* Data provided *
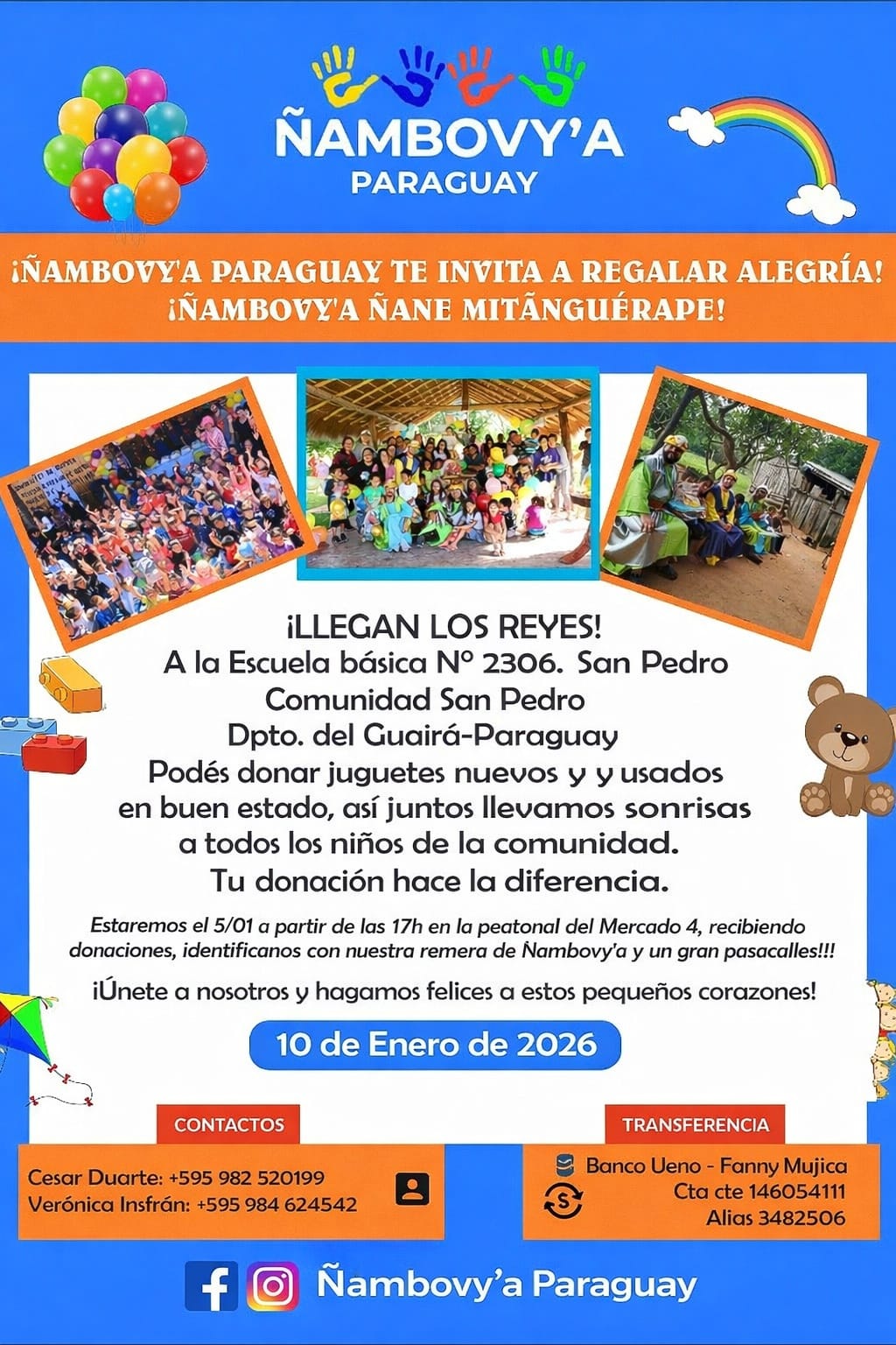 Ñambovy’a Paraguay invita a regalar alegría por el Día de los Reyes
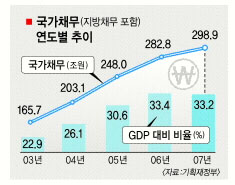 참여정부 출범 이후의 중앙정부 채무는 2003년 158조 8000억원에서 지난해 289조 1000억원으로 5년간 130조 2000억원(82.0%) 증가했다. 이는 외평채를 대신한 외평기금 재원 80조원 정도와 과거 공적자금의 국채전환분 52조 7000억원이 국채로 전환됐기 때문. 재정부 관계자는 “다른 명목으로 쓰이던 자금의 항목이 바뀌었을 뿐 실제로 국가 빚이 늘었다고 보기 어렵다.”고 설명했다.
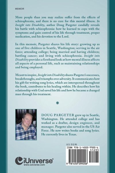 More people than you may realize suffer from the effects of schizophrenia, and there is no cure for this mental illness. In Insight into Disability, author Doug Pargeter candidly reveals his battle with schizophrenia: how he learned to cope with the symptoms and gain control of his life through treatment, proper medication, and his devotion to the Lord. In this memoir, Pargeter shares his life story: growing up as one of five children in Seattle, Washington; serving in the air force; attending college; being married and having children; battling cancer; and living with schizophrenia. Insight into Disability provides a firsthand look at how mental illness affects all aspects of a personal life, such as maintaining relationships and being employed. Meant to inspire, Insight into Disability shares Pargeter's successes, breakthroughs, and triumphs over adversity. It communicates how his gift for writing song lyrics, which are interspersed throughout the book, contributes to his healing within. He describes how his relationship with God saved his life and how he became a changed man through his treatment.
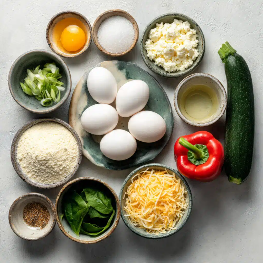 - Combine Ingredients: In a large bowl, whisk the eggs, cottage cheese, almond flour, baking powder, garlic powder, onion powder, salt, and black pepper until smooth. Stir in the shredded cheddar, zucchini, chopped spinach, diced red bell pepper, and green onions.
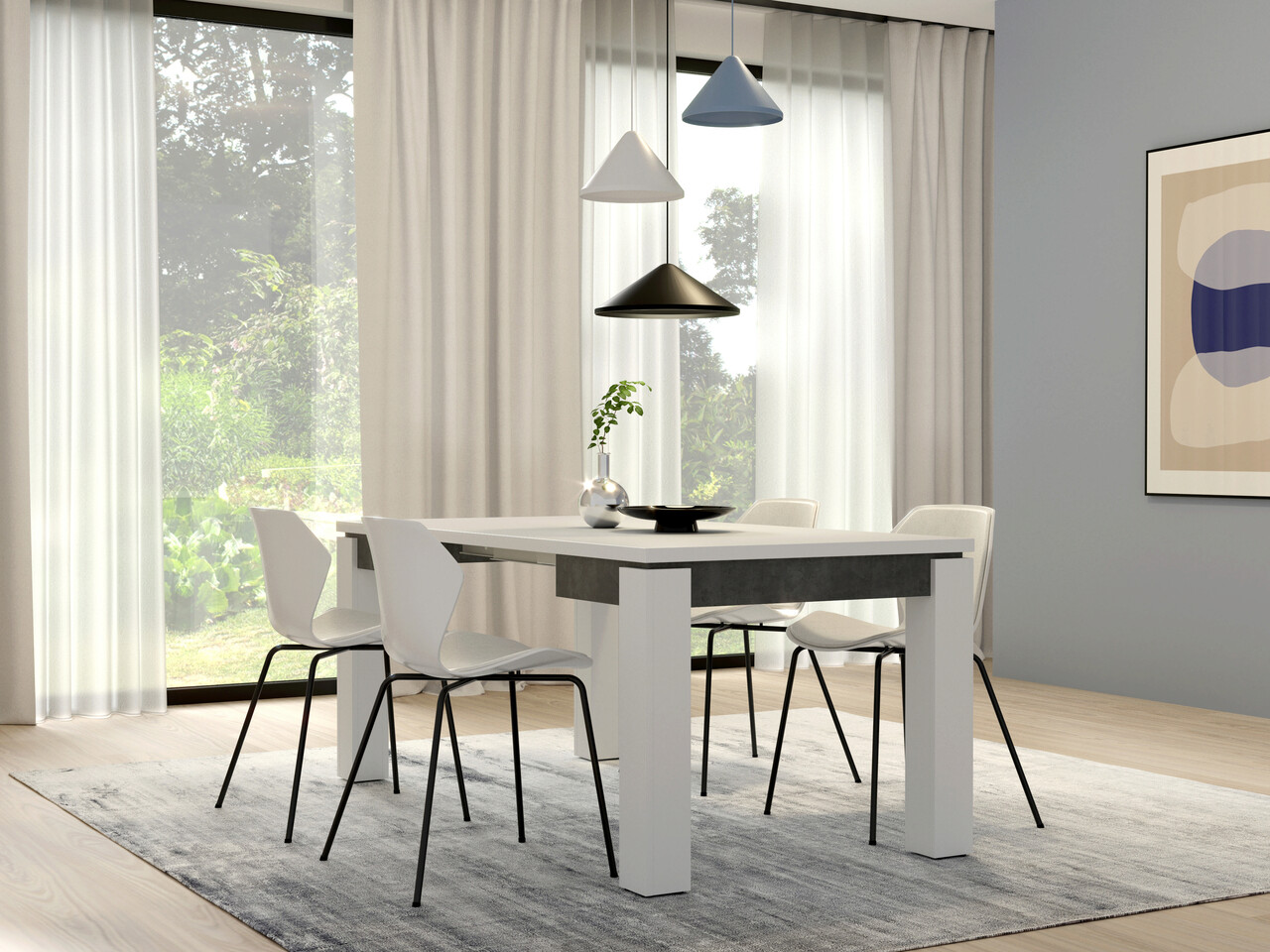 Masa Bernisse, Bedora, 90x90.4x75.9 cm, PAL, alb/gri inchis

* Task instructions *
Write out again, exactly, the lines from the start of the listing up to the line containing "참여정부 출범 이후의", with both ends and without pictures.

* Written solution *
 Ñambovy’a Paraguay invita a regalar alegría por el Día de los Reyes
 참여정부 출범 이후의 중앙정부 채무는 2003년 158조 8000억원에서 지난해 289조 1000억원으로 5년간 130조 2000억원(82.0%) 증가했다. 이는 외평채를 대신한 외평기금 재원 80조원 정도와 과거 공적자금의 국채전환분 52조 7000억원이 국채로 전환됐기 때문. 재정부 관계자는 “다른 명목으로 쓰이던 자금의 항목이 바뀌었을 뿐 실제로 국가 빚이 늘었다고 보기 어렵다.”고 설명했다.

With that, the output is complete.